- [Given data]:
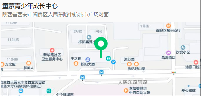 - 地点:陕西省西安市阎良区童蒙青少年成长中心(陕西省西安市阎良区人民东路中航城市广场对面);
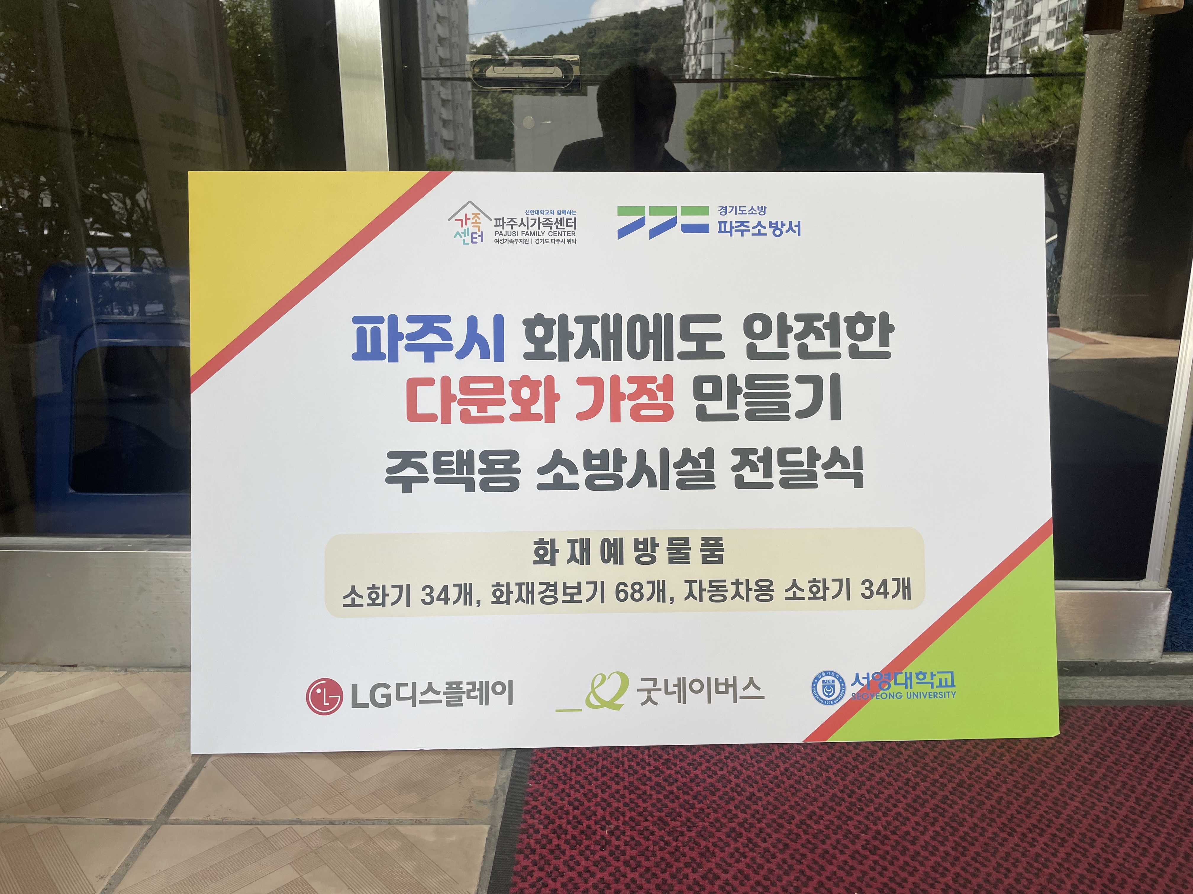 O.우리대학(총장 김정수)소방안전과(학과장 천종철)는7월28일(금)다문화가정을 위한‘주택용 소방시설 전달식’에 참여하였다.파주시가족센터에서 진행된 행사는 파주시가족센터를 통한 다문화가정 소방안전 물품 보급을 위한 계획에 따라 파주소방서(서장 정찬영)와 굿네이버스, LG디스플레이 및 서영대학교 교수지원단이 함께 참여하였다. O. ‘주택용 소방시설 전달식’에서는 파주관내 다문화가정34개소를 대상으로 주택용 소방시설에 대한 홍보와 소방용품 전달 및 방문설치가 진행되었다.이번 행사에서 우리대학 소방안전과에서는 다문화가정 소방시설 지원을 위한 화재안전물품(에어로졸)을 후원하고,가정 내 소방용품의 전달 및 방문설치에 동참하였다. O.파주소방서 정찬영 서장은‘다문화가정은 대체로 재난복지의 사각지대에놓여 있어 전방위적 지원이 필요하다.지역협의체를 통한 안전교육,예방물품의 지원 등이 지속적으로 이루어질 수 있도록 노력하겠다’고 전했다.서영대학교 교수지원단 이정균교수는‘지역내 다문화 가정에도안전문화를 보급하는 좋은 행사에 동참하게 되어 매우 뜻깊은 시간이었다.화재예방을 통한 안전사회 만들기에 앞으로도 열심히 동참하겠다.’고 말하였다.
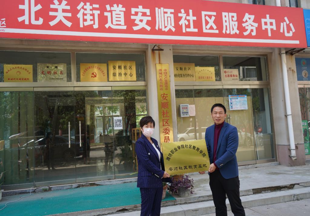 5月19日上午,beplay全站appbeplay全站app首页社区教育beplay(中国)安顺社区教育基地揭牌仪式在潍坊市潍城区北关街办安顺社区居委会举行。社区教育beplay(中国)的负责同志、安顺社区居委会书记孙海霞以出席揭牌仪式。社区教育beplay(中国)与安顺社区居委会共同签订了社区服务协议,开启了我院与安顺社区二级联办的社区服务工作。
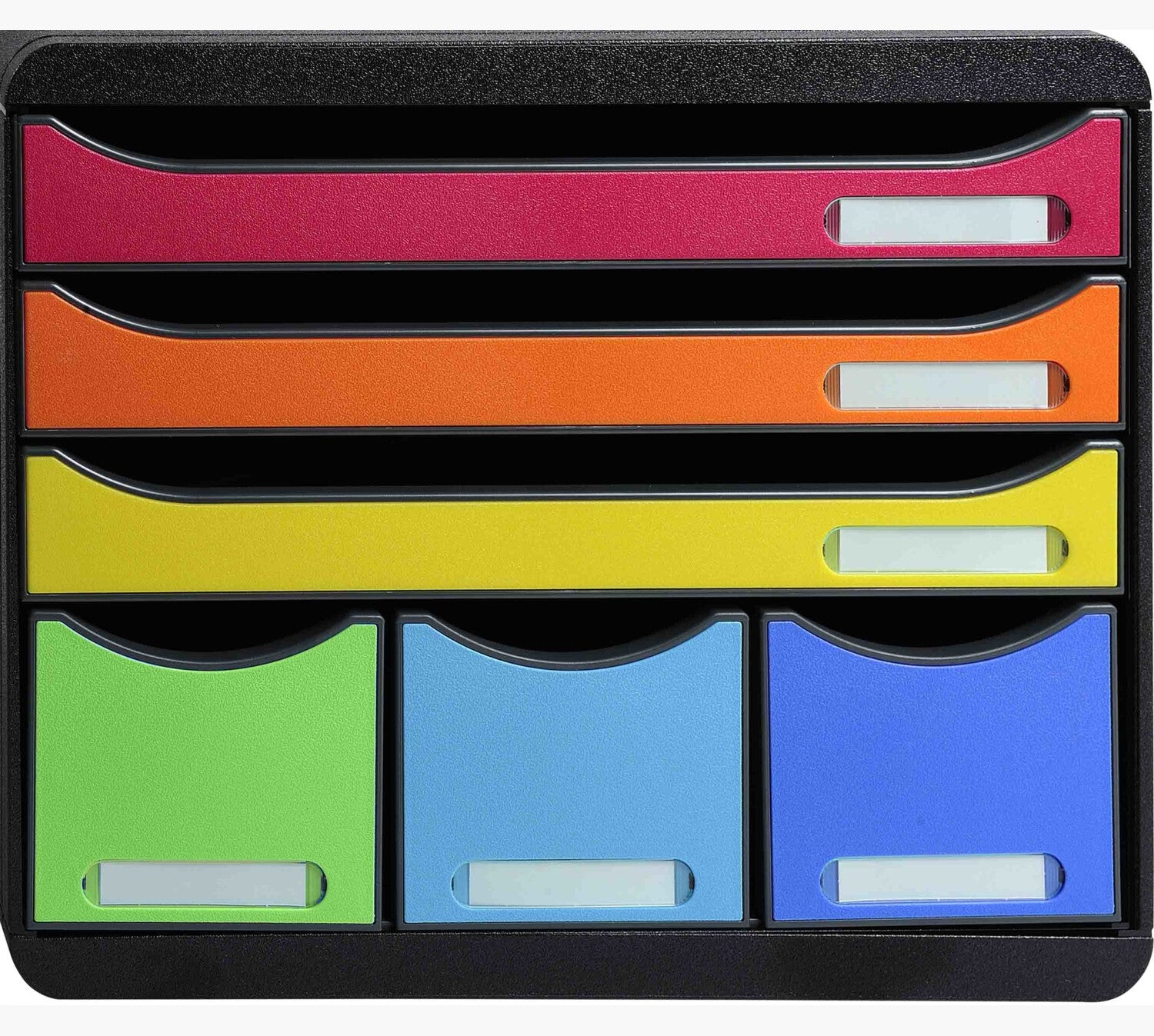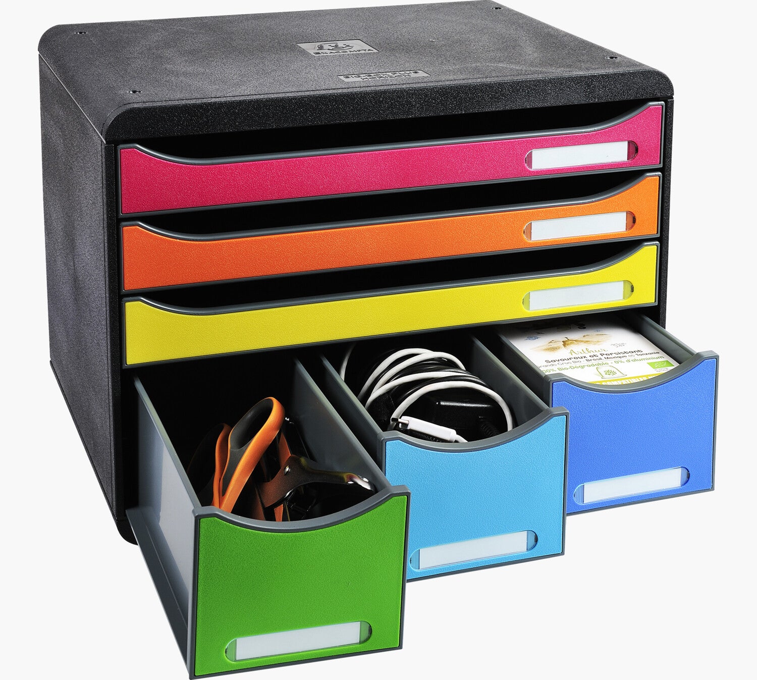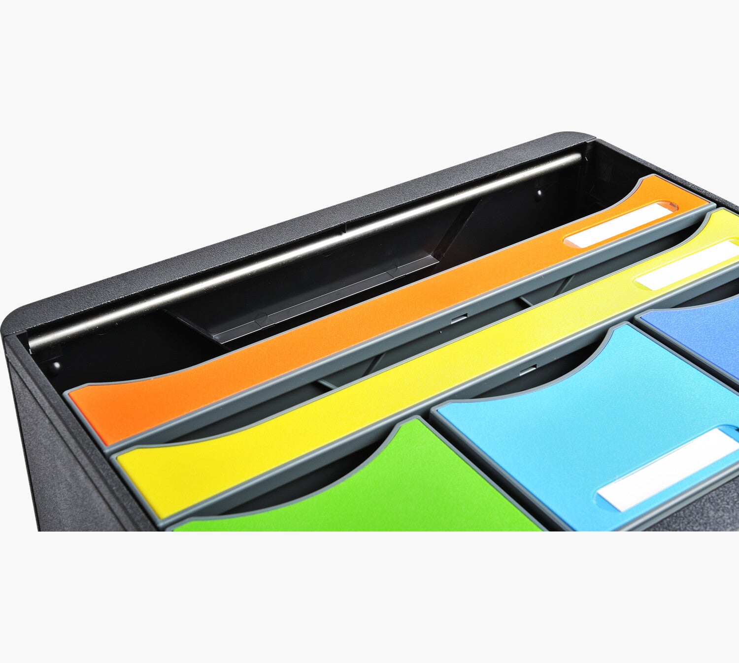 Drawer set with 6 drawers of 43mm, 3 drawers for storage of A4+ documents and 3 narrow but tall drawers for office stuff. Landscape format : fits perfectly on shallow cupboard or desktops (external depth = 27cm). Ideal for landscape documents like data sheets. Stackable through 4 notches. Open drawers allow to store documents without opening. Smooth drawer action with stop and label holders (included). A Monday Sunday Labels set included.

- [Task details]: Reproduce the data above in full, exactly as it is, with the pictures left out.

- [Task solution]:
 - 地点:陕西省西安市阎良区童蒙青少年成长中心(陕西省西安市阎良区人民东路中航城市广场对面);
 O.우리대학(총장 김정수)소방안전과(학과장 천종철)는7월28일(금)다문화가정을 위한‘주택용 소방시설 전달식’에 참여하였다.파주시가족센터에서 진행된 행사는 파주시가족센터를 통한 다문화가정 소방안전 물품 보급을 위한 계획에 따라 파주소방서(서장 정찬영)와 굿네이버스, LG디스플레이 및 서영대학교 교수지원단이 함께 참여하였다. O. ‘주택용 소방시설 전달식’에서는 파주관내 다문화가정34개소를 대상으로 주택용 소방시설에 대한 홍보와 소방용품 전달 및 방문설치가 진행되었다.이번 행사에서 우리대학 소방안전과에서는 다문화가정 소방시설 지원을 위한 화재안전물품(에어로졸)을 후원하고,가정 내 소방용품의 전달 및 방문설치에 동참하였다. O.파주소방서 정찬영 서장은‘다문화가정은 대체로 재난복지의 사각지대에놓여 있어 전방위적 지원이 필요하다.지역협의체를 통한 안전교육,예방물품의 지원 등이 지속적으로 이루어질 수 있도록 노력하겠다’고 전했다.서영대학교 교수지원단 이정균교수는‘지역내 다문화 가정에도안전문화를 보급하는 좋은 행사에 동참하게 되어 매우 뜻깊은 시간이었다.화재예방을 통한 안전사회 만들기에 앞으로도 열심히 동참하겠다.’고 말하였다.
 5月19日上午,beplay全站appbeplay全站app首页社区教育beplay(中国)安顺社区教育基地揭牌仪式在潍坊市潍城区北关街办安顺社区居委会举行。社区教育beplay(中国)的负责同志、安顺社区居委会书记孙海霞以出席揭牌仪式。社区教育beplay(中国)与安顺社区居委会共同签订了社区服务协议,开启了我院与安顺社区二级联办的社区服务工作。
 Drawer set with 6 drawers of 43mm, 3 drawers for storage of A4+ documents and 3 narrow but tall drawers for office stuff. Landscape format : fits perfectly on shallow cupboard or desktops (external depth = 27cm). Ideal for landscape documents like data sheets. Stackable through 4 notches. Open drawers allow to store documents without opening. Smooth drawer action with stop and label holders (included). A Monday Sunday Labels set included.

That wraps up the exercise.